- **Directions for this task**
In the listing below, locate the line that contains "FILE PHOTO: An" and the line that contains "Hau-Hau Champion Täytetty". Restate word for word those two lines and every line between them, and nothing else.

- **Record set**
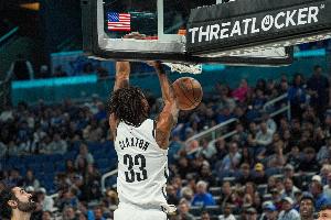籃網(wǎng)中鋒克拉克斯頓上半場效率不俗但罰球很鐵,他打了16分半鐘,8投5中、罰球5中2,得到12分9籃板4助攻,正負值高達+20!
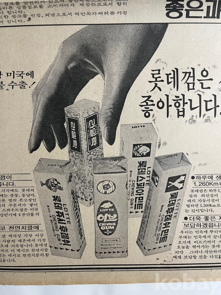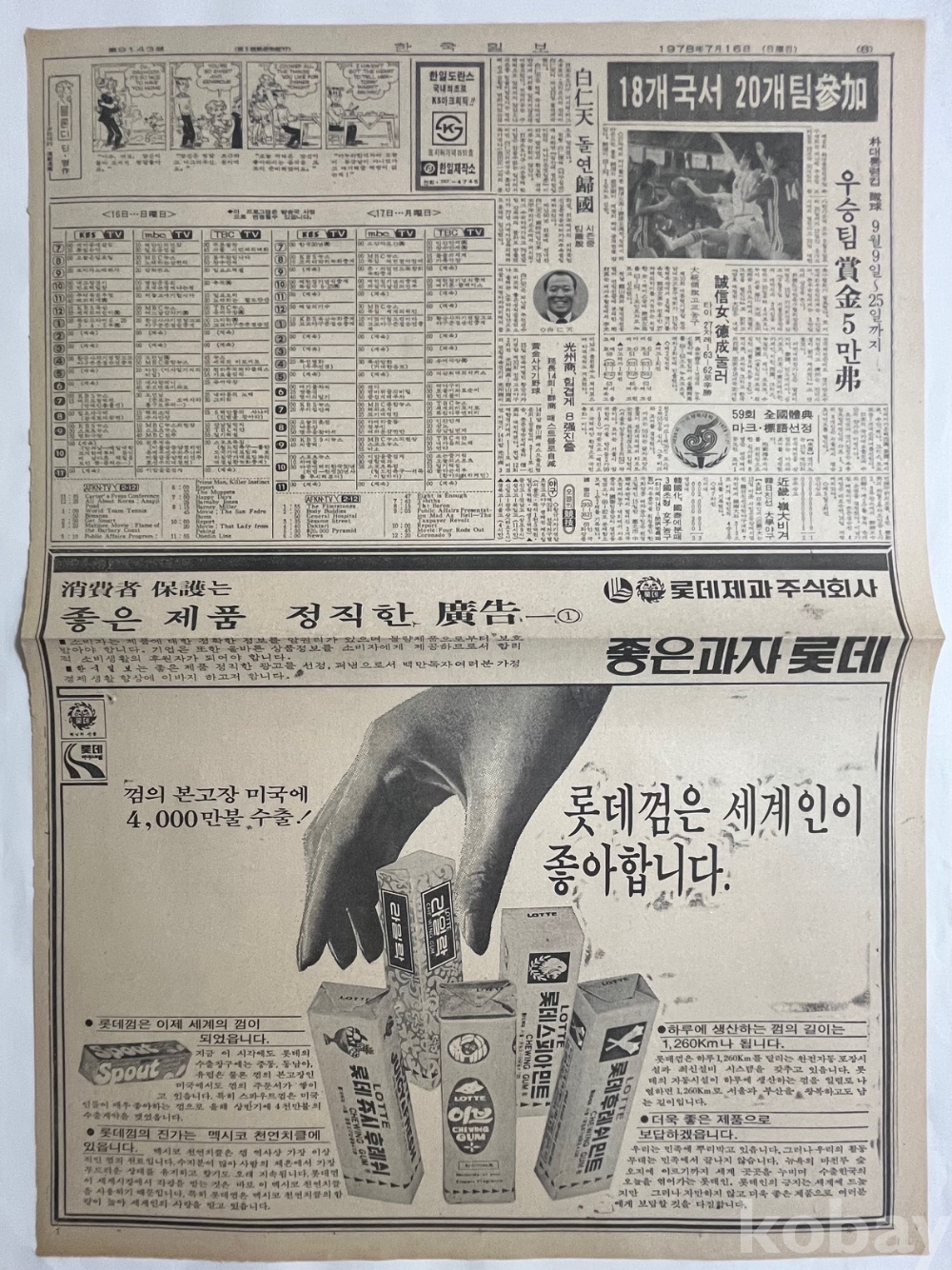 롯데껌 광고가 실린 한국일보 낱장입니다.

--

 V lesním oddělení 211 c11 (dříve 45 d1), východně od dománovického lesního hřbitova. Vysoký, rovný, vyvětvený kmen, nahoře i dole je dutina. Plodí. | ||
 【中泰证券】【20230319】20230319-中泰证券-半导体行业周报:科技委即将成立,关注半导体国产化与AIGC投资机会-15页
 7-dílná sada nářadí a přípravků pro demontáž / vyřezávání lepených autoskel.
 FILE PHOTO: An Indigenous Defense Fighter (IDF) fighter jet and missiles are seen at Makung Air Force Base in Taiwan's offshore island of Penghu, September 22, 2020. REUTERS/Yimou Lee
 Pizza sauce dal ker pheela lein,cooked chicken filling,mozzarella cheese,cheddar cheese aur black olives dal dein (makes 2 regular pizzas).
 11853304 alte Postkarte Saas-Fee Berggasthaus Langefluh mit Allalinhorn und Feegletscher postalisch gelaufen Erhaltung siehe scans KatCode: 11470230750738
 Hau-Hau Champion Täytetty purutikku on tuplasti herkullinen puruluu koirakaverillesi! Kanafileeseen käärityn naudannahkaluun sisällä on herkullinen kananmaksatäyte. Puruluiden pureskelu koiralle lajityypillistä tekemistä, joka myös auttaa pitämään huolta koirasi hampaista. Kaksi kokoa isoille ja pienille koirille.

* * *

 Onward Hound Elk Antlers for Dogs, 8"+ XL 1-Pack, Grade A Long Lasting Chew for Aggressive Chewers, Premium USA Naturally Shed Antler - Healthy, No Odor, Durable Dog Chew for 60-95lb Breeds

- **Answer to this problem**
 FILE PHOTO: An Indigenous Defense Fighter (IDF) fighter jet and missiles are seen at Makung Air Force Base in Taiwan's offshore island of Penghu, September 22, 2020. REUTERS/Yimou Lee
 Pizza sauce dal ker pheela lein,cooked chicken filling,mozzarella cheese,cheddar cheese aur black olives dal dein (makes 2 regular pizzas).
 11853304 alte Postkarte Saas-Fee Berggasthaus Langefluh mit Allalinhorn und Feegletscher postalisch gelaufen Erhaltung siehe scans KatCode: 11470230750738
 Hau-Hau Champion Täytetty purutikku on tuplasti herkullinen puruluu koirakaverillesi! Kanafileeseen käärityn naudannahkaluun sisällä on herkullinen kananmaksatäyte. Puruluiden pureskelu koiralle lajityypillistä tekemistä, joka myös auttaa pitämään huolta koirasi hampaista. Kaksi kokoa isoille ja pienille koirille.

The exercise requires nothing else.